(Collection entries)
══════════════════════════════

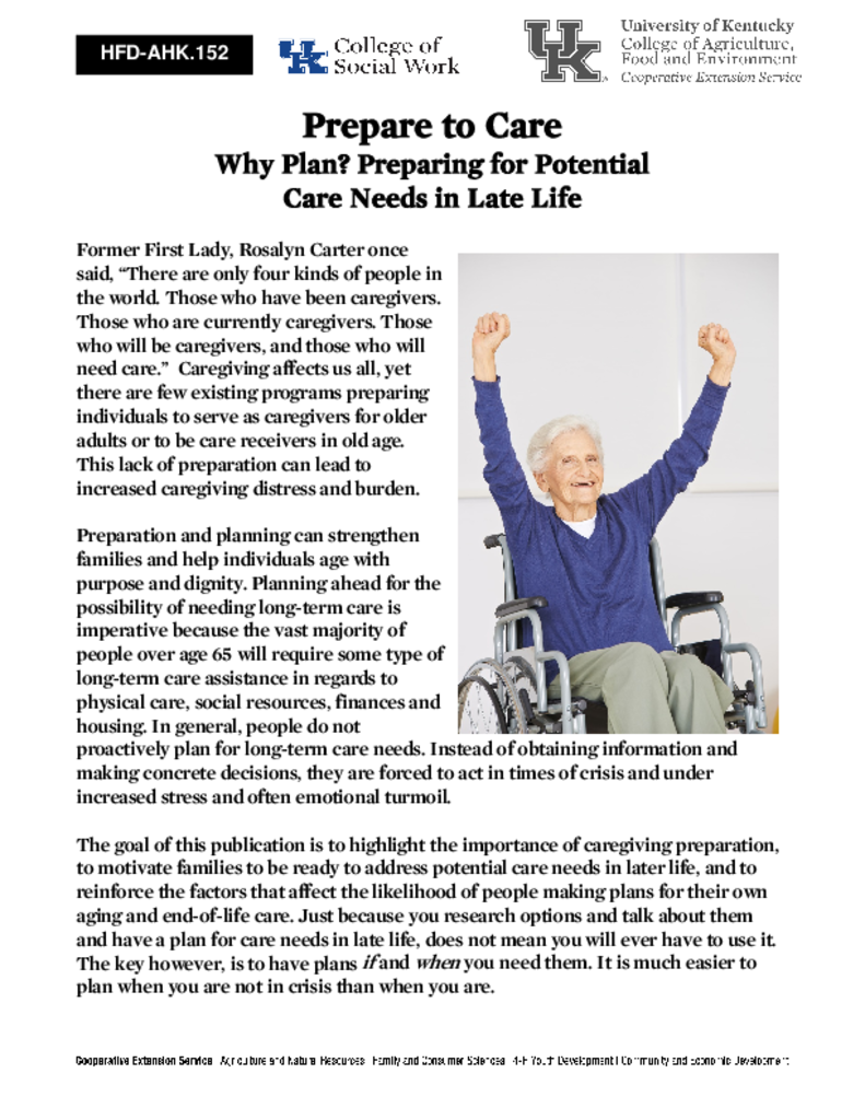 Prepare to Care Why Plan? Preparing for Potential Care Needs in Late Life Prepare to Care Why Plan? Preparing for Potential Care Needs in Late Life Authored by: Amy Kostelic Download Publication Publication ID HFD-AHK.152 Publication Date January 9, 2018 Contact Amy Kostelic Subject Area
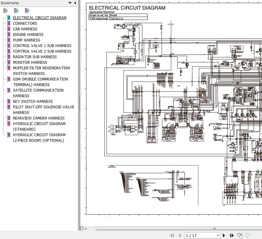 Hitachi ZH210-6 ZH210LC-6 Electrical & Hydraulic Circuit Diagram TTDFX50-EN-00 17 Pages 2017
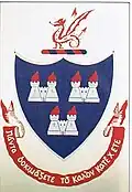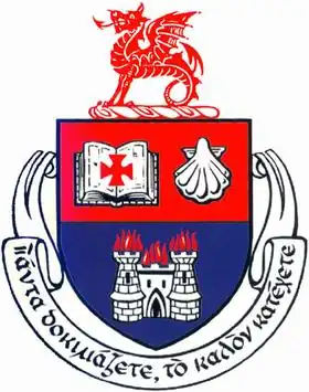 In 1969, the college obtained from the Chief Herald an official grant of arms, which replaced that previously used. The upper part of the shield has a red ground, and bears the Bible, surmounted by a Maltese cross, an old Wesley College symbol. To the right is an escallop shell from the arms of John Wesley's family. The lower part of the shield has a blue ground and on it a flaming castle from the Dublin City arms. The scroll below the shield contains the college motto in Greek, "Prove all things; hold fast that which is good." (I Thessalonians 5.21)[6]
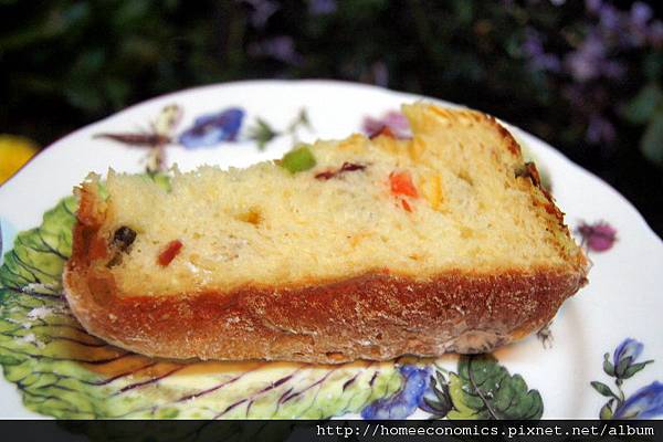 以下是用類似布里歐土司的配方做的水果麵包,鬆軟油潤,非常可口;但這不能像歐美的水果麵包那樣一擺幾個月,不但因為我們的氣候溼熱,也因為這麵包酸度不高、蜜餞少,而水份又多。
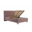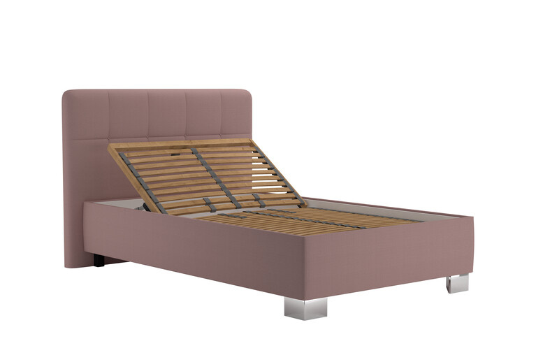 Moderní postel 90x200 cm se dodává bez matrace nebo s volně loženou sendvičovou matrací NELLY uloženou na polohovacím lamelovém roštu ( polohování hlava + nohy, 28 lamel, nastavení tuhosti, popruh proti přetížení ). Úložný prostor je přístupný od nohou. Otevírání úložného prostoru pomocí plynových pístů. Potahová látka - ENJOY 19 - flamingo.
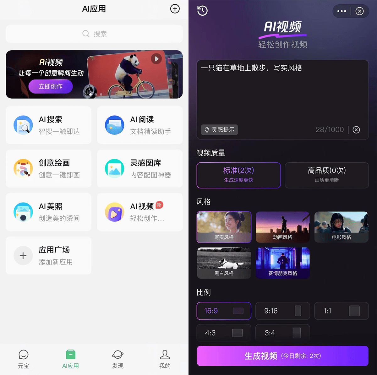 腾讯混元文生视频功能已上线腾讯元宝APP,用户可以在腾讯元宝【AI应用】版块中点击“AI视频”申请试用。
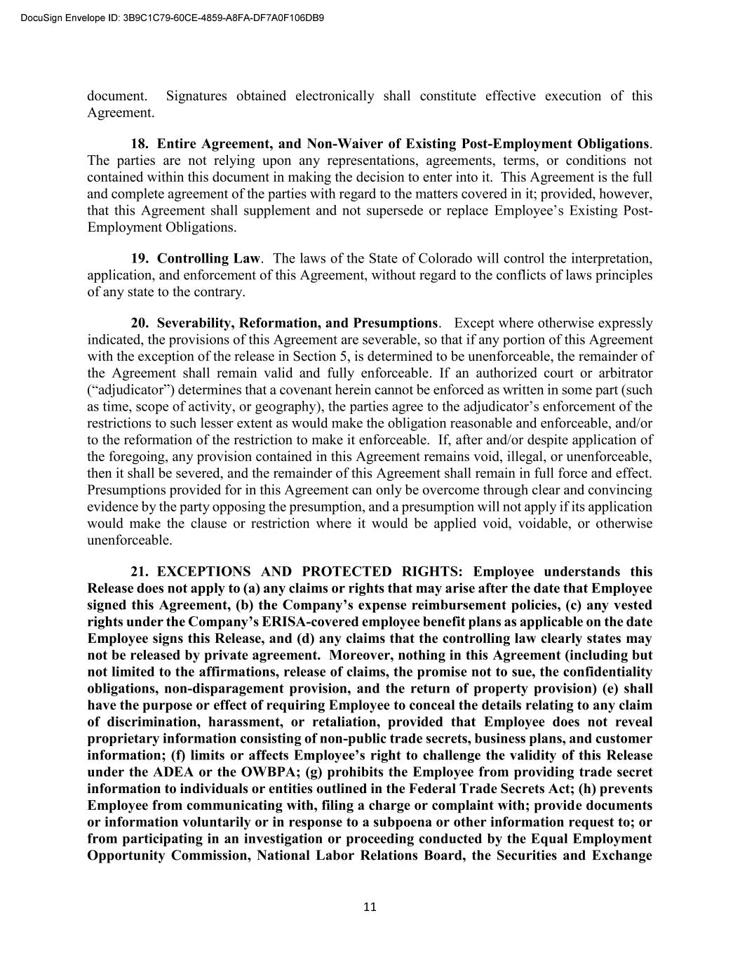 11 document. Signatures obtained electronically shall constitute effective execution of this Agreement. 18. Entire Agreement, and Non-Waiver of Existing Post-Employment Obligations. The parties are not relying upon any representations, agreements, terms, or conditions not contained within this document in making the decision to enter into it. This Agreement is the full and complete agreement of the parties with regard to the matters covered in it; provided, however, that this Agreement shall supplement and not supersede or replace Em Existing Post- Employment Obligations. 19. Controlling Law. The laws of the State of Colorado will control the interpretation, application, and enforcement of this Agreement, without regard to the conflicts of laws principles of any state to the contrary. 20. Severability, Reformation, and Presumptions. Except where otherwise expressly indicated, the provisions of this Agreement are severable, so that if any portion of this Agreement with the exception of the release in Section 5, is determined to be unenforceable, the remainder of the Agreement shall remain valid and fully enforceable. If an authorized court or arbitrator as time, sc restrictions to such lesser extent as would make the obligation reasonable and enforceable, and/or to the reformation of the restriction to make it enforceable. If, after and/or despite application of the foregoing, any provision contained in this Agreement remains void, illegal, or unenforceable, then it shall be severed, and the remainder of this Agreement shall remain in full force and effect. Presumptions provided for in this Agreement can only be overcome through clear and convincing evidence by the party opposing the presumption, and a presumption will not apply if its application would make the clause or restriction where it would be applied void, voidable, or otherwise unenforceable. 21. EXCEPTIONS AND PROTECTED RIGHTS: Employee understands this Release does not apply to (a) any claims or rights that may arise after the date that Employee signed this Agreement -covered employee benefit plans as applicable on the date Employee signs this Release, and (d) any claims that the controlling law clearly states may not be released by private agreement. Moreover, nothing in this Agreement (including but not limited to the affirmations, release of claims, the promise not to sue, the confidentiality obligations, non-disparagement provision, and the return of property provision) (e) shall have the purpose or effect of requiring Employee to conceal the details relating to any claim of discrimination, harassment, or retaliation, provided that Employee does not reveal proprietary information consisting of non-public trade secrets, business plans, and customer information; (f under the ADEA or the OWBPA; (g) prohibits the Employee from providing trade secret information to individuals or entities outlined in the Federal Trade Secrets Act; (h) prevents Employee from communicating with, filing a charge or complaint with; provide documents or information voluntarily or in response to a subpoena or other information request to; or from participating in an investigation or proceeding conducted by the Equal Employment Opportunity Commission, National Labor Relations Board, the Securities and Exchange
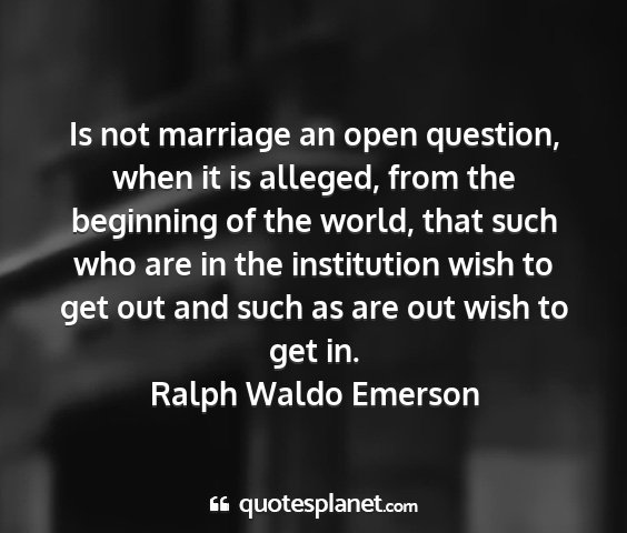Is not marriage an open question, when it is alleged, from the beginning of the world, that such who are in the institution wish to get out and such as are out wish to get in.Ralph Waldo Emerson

══════════════════════════════

▶ [WORK INSTRUCTION] Beginning with the first line of the records, write out every line up to and including the one with "Hitachi ZH210-6 ZH210LC-6", exactly, and omit all pictures.

▶ [SOLUTION]
 Prepare to Care Why Plan? Preparing for Potential Care Needs in Late Life Prepare to Care Why Plan? Preparing for Potential Care Needs in Late Life Authored by: Amy Kostelic Download Publication Publication ID HFD-AHK.152 Publication Date January 9, 2018 Contact Amy Kostelic Subject Area
 Hitachi ZH210-6 ZH210LC-6 Electrical & Hydraulic Circuit Diagram TTDFX50-EN-00 17 Pages 2017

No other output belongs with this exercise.